Your goal - From the records that follow, return exactly the lines beginning at the one that contains "手彩色清国美人絵の私製葉書の" and ending at the one that contains "Ngay khi bước", pictures left out.

Data listing -
══════

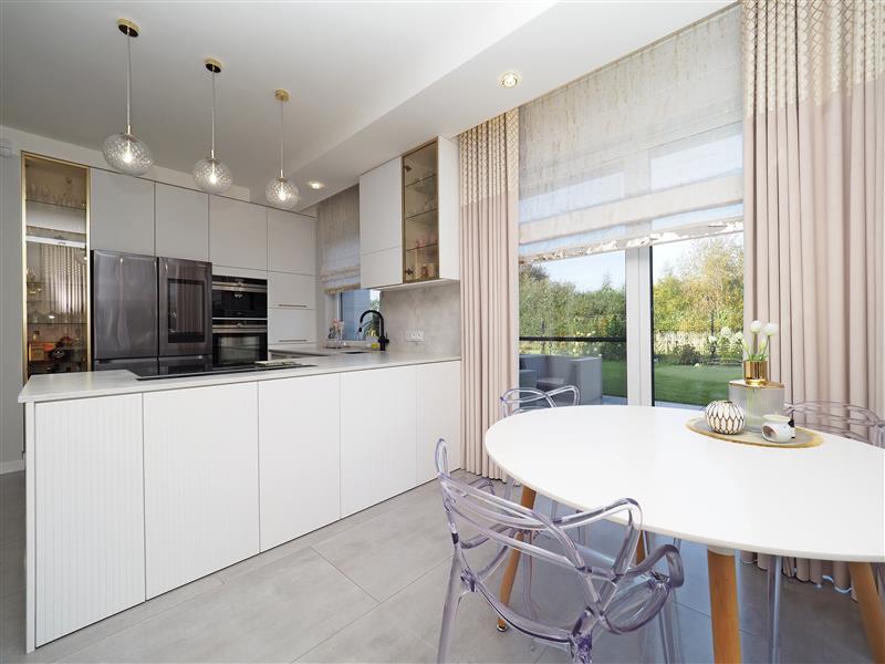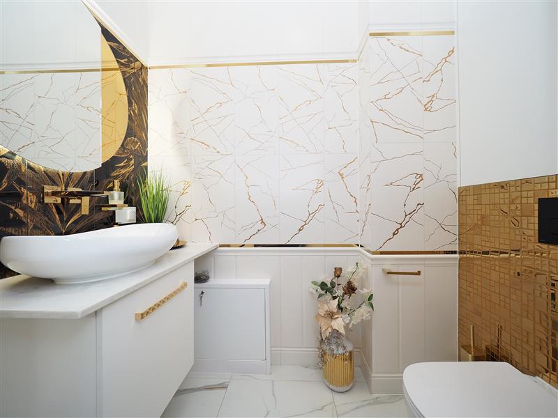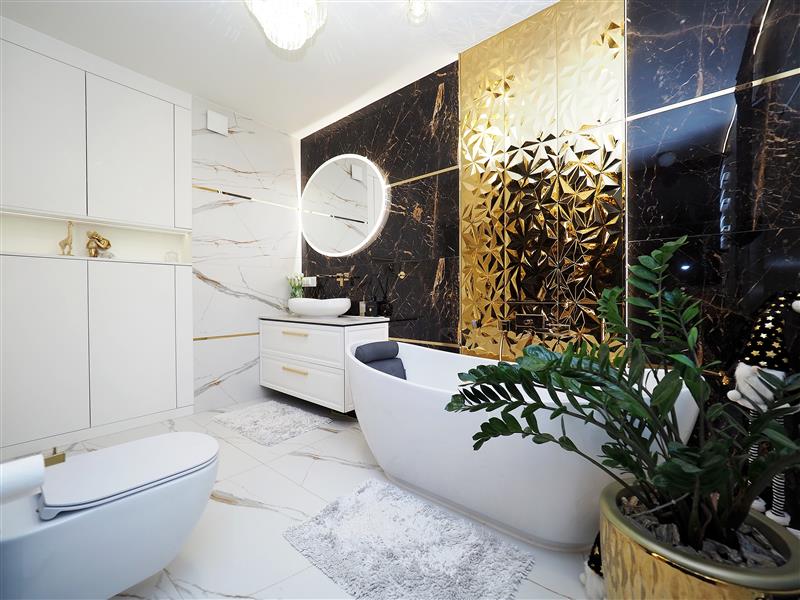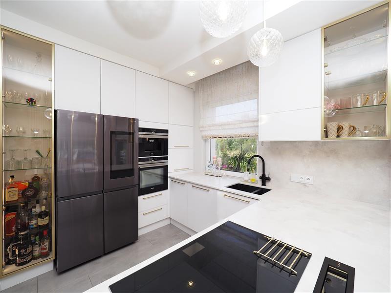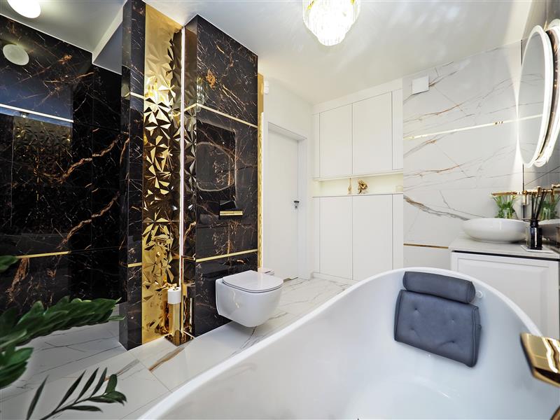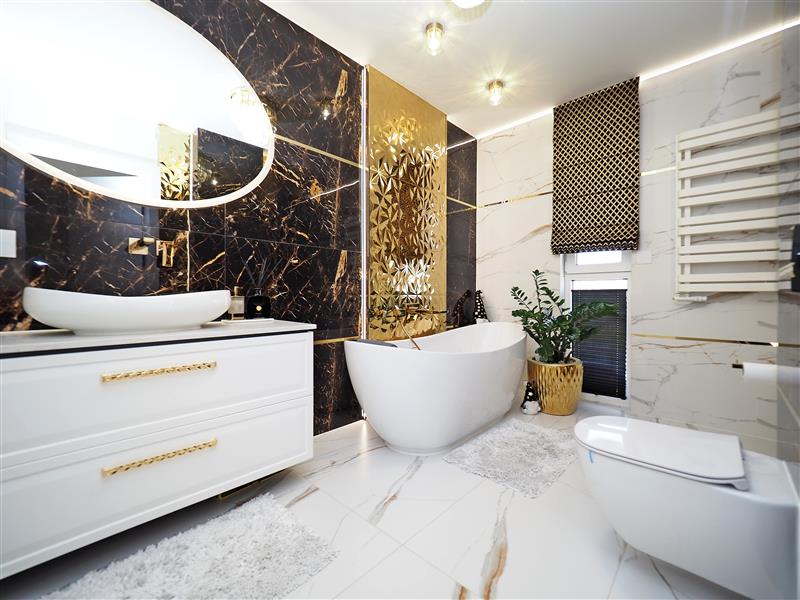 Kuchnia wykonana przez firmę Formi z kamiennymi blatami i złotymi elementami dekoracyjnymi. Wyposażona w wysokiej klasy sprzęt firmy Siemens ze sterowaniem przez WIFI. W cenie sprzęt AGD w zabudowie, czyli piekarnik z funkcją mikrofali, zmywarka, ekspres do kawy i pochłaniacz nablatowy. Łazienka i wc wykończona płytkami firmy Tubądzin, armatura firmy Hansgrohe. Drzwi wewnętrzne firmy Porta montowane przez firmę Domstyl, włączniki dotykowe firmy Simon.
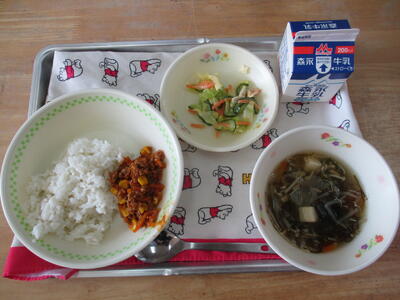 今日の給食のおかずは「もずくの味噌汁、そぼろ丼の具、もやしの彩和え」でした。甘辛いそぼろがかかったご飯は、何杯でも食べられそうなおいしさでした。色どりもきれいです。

══════

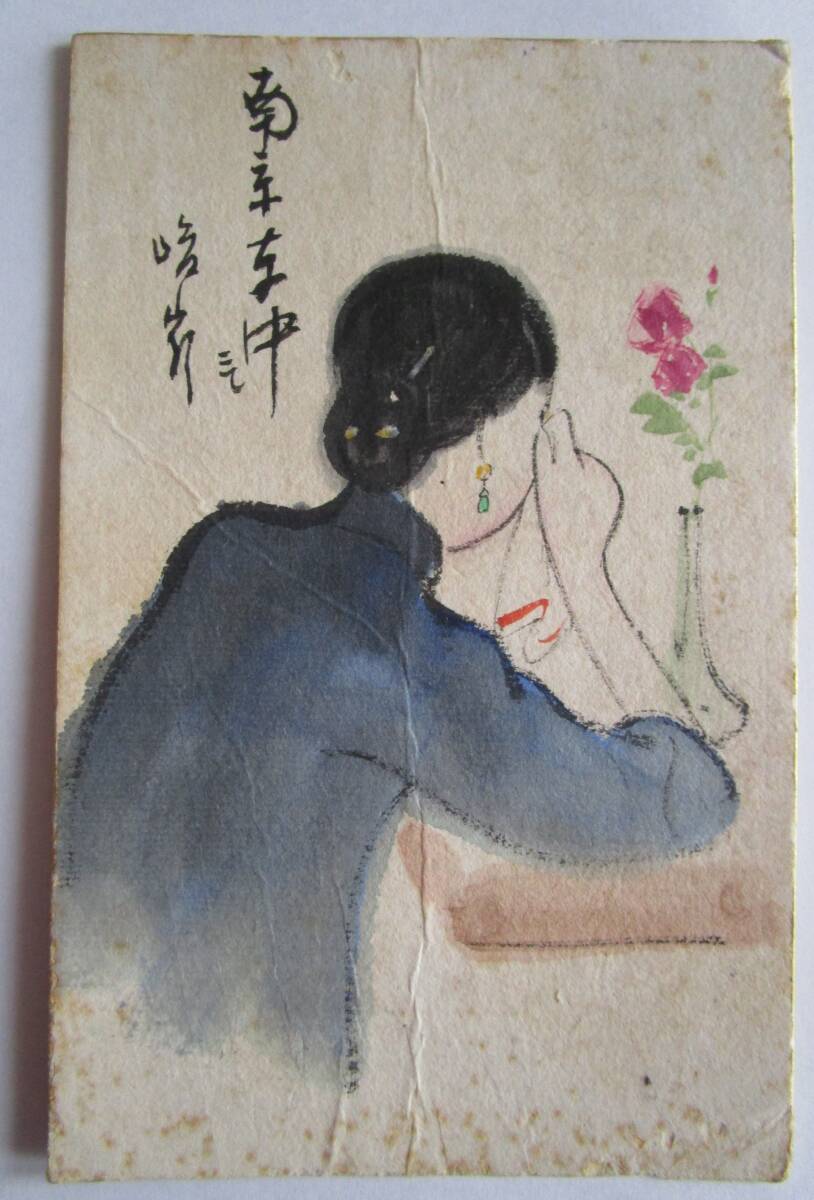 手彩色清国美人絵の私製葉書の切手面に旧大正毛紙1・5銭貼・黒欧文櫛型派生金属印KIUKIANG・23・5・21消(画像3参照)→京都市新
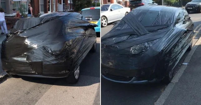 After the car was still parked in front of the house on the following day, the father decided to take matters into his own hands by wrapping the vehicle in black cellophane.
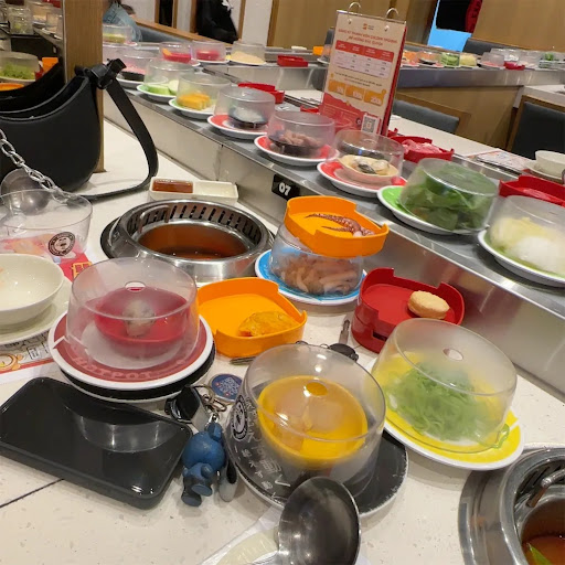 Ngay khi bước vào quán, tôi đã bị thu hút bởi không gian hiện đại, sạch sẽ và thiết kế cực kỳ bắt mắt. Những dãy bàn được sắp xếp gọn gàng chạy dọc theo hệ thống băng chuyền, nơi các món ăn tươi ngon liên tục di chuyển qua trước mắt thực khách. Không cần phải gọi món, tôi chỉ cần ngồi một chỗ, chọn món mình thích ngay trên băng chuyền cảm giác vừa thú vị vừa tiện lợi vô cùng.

══════

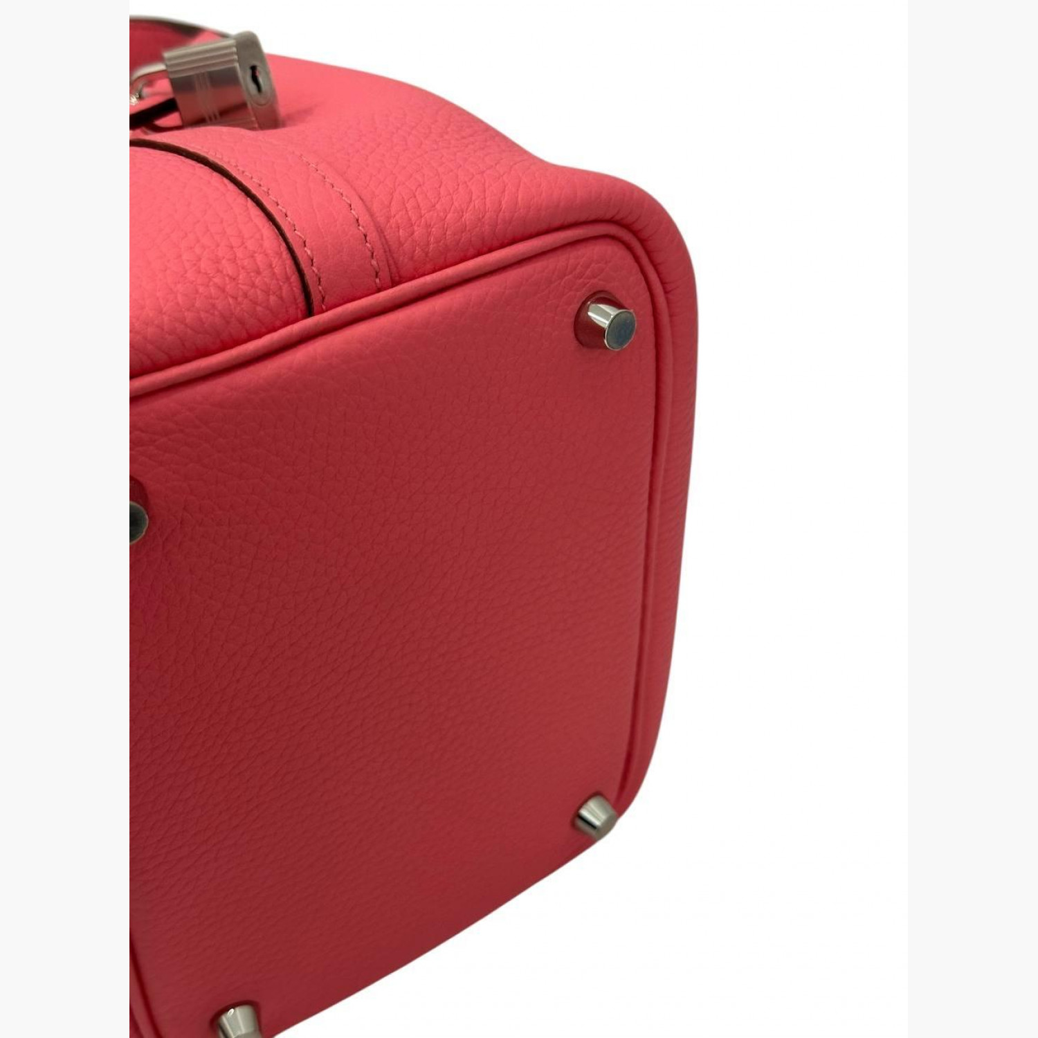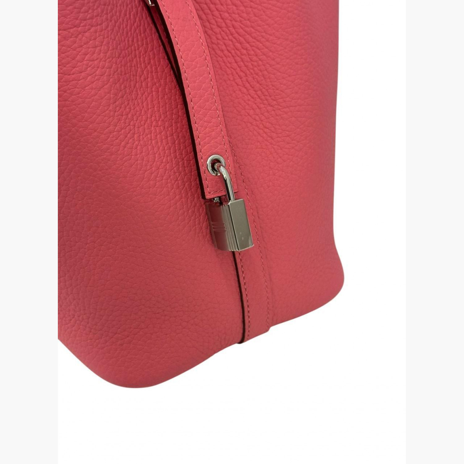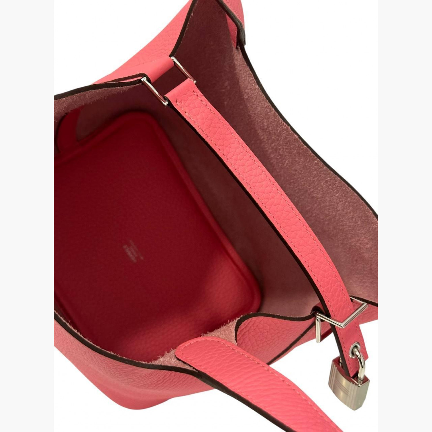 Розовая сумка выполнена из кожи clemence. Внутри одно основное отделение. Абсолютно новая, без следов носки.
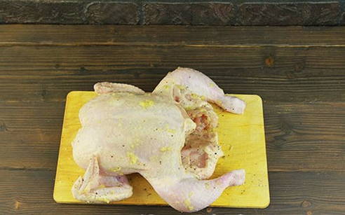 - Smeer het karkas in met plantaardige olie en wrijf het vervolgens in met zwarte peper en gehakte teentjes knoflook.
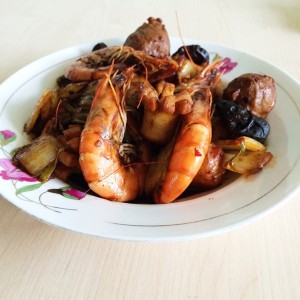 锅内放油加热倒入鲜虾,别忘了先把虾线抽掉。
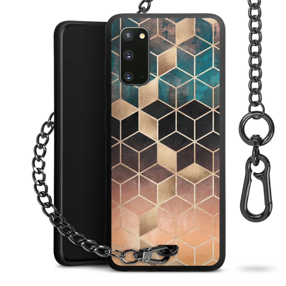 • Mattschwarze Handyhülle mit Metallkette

══════

Exercise response -
 手彩色清国美人絵の私製葉書の切手面に旧大正毛紙1・5銭貼・黒欧文櫛型派生金属印KIUKIANG・23・5・21消(画像3参照)→京都市新
 After the car was still parked in front of the house on the following day, the father decided to take matters into his own hands by wrapping the vehicle in black cellophane.
 Ngay khi bước vào quán, tôi đã bị thu hút bởi không gian hiện đại, sạch sẽ và thiết kế cực kỳ bắt mắt. Những dãy bàn được sắp xếp gọn gàng chạy dọc theo hệ thống băng chuyền, nơi các món ăn tươi ngon liên tục di chuyển qua trước mắt thực khách. Không cần phải gọi món, tôi chỉ cần ngồi một chỗ, chọn món mình thích ngay trên băng chuyền cảm giác vừa thú vị vừa tiện lợi vô cùng.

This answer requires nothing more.